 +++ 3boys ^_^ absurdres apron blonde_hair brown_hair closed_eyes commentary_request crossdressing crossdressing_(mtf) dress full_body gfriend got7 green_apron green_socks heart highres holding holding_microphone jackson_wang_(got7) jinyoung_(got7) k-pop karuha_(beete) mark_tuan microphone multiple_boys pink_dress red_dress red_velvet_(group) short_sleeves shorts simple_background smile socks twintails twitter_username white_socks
──────
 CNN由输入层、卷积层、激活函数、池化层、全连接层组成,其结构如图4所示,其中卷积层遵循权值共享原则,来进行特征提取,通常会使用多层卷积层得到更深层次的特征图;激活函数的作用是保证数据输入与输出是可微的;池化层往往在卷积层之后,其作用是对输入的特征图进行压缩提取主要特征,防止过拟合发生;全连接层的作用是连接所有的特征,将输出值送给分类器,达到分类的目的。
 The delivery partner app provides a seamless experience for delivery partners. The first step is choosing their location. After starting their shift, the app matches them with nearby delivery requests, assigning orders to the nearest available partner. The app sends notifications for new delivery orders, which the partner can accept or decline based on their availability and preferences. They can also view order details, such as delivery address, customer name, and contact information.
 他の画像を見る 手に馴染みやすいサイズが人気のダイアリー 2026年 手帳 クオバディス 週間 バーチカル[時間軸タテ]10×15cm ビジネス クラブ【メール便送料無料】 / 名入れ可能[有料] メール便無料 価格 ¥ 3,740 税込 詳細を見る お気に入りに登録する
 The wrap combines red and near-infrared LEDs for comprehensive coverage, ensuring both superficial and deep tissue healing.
──────
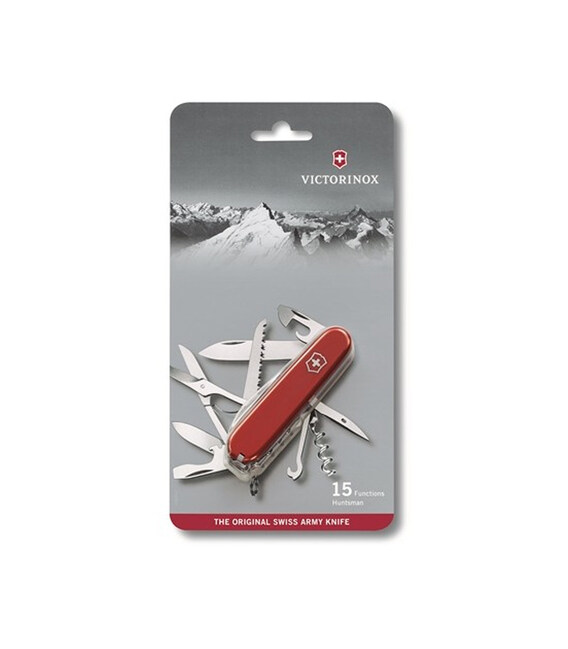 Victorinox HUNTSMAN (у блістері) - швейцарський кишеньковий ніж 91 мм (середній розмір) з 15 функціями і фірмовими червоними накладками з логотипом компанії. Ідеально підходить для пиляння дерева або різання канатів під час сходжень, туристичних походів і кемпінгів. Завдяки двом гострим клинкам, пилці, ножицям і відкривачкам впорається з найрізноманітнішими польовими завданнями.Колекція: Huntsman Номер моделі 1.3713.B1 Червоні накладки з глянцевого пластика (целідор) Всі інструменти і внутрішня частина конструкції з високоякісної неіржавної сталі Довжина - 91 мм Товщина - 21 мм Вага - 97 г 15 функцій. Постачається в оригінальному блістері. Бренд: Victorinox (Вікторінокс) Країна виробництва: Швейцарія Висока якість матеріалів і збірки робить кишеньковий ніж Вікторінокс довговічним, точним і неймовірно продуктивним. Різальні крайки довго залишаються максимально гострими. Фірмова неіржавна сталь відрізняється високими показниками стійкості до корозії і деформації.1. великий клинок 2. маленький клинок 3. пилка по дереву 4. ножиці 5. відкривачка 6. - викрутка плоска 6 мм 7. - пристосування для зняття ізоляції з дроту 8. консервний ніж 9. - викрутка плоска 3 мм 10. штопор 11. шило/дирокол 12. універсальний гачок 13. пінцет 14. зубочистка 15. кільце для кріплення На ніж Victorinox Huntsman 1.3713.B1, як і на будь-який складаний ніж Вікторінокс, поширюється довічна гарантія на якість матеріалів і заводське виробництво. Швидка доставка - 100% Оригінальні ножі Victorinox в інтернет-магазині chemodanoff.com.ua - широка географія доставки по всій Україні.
──────
* What the task requires: An exact copy of the lines above, from the one containing "CNN由输入层、卷积层、激活" down to the one containing "The wrap combines" and including both, is the whole answer; retype it and nothing else.

* Your solution:
 CNN由输入层、卷积层、激活函数、池化层、全连接层组成,其结构如图4所示,其中卷积层遵循权值共享原则,来进行特征提取,通常会使用多层卷积层得到更深层次的特征图;激活函数的作用是保证数据输入与输出是可微的;池化层往往在卷积层之后,其作用是对输入的特征图进行压缩提取主要特征,防止过拟合发生;全连接层的作用是连接所有的特征,将输出值送给分类器,达到分类的目的。
 The delivery partner app provides a seamless experience for delivery partners. The first step is choosing their location. After starting their shift, the app matches them with nearby delivery requests, assigning orders to the nearest available partner. The app sends notifications for new delivery orders, which the partner can accept or decline based on their availability and preferences. They can also view order details, such as delivery address, customer name, and contact information.
 他の画像を見る 手に馴染みやすいサイズが人気のダイアリー 2026年 手帳 クオバディス 週間 バーチカル[時間軸タテ]10×15cm ビジネス クラブ【メール便送料無料】 / 名入れ可能[有料] メール便無料 価格 ¥ 3,740 税込 詳細を見る お気に入りに登録する
 The wrap combines red and near-infrared LEDs for comprehensive coverage, ensuring both superficial and deep tissue healing.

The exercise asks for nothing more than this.